Allison Cara Tolman is an American actress. She is best known for her role as Molly Solverson in the first season of the FX television series Fargo, earning Emmy and Golden Globe nominations.

Early life and education
Tolman has two older brothers and a younger sister. Her family moved to England when she was a few months old and stayed until she was four years old. She spent the next five years in Oklahoma and West Texas, before moving to Sugar Land, Texas. She started taking acting classes when she was 10 years old at the Fort Bend Community Theatre. She attended Clements High School, graduating in 2000.

She graduated from Baylor University with a Bachelor of Fine Arts in theatrical performance. After college, she moved to Dallas, where she was one of the founding members of Second Thought Theatre.

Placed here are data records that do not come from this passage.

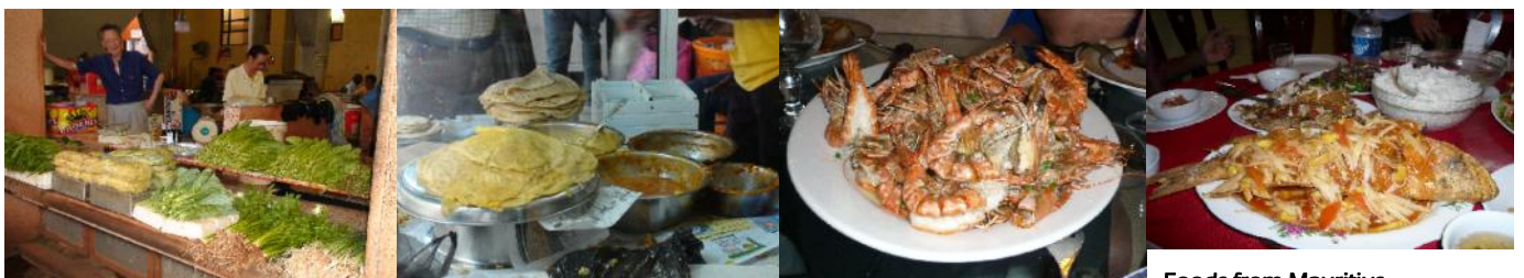
Foods from Mauritius Visit http://ile-maurice.tripod.com

For the horse racing enthusiasts, you can get the latemail for Melbourne & Sydney Racing at http://www.cj.net/melb.htm
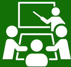
Trainings from Technological Clients
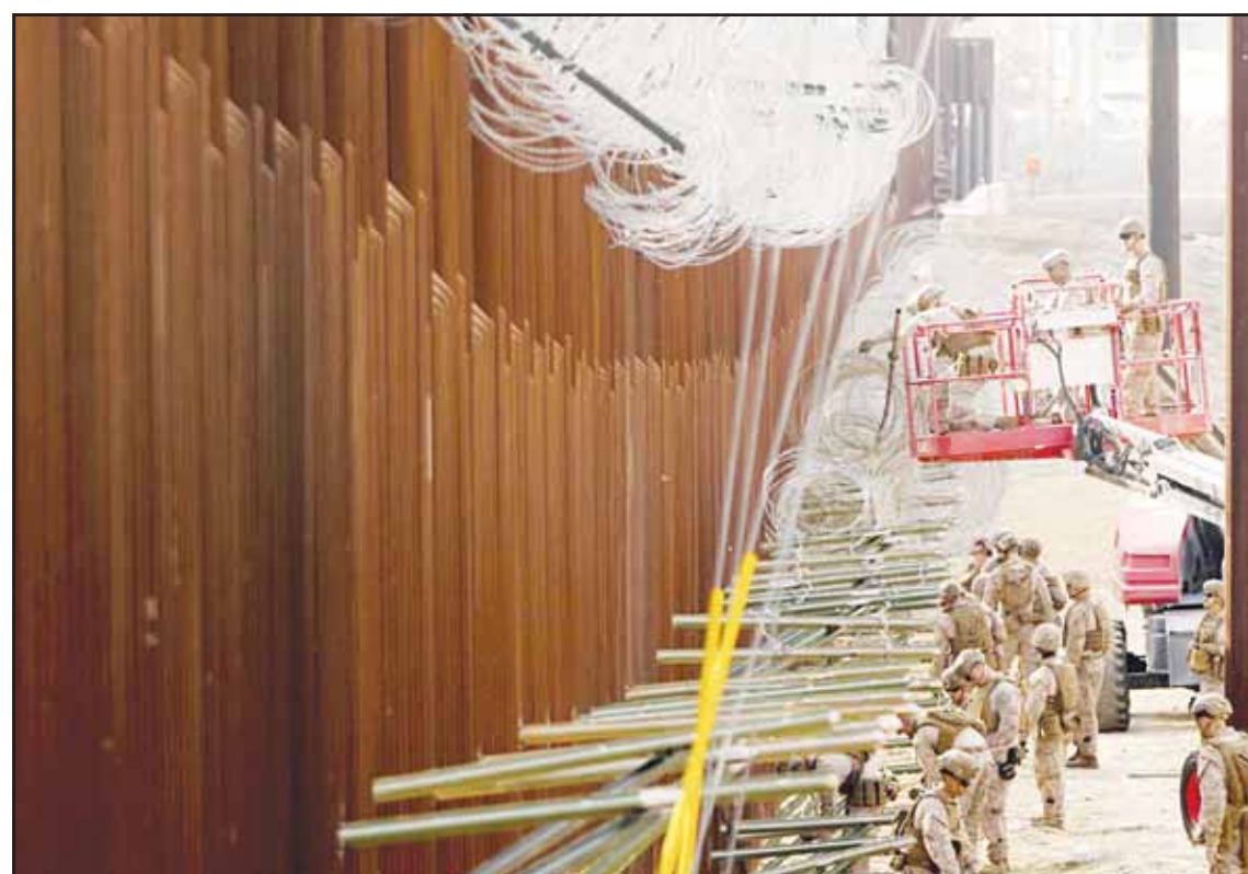
US Marines install barbed wire along the border fence on Jan 31, in San Diego.
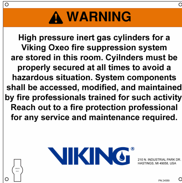
Part No. 26407: Cylinder Storage Warning Sign

Visit the Viking website for the latest edition of the technical data and system manuals.
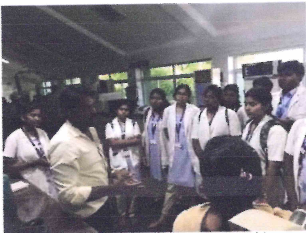
Portonovo visit by the Students of Indira Gandhi Institute of Dental Sciences

REGISTRAR SRI BALAJI VIDYAPEETH (Deemed University u/s 3 of UGC ACT, 1956) Accredited by NAAC with 'A' Grade NH 45-A, Pillaiyarkuppam, Pondicherry-607 403.
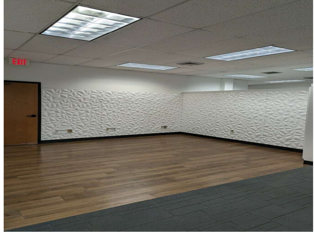
Textured wall at Main Entry

In 2009, she moved to Chicago, Illinois, to study performance at The Second City Training Center.

Career
In 2014, Tolman starred in the first season of the FX black comedy crime series Fargo. Inspired by the classic 1996 Coen brothers film of the same name, Fargo starred veteran actors Billy Bob Thornton, Martin Freeman and Bob Odenkirk. Tolman received accolades for her performance as Minnesota police officer Molly Solverson, with Vanity Fair writing that she "calmly and assuredly stole the entire show". For her role, she won the Critics' Choice Television Award for Best Supporting Actress in a Movie/Miniseries and received Best Actress nominations at the Emmy Awards and for the Golden Globes.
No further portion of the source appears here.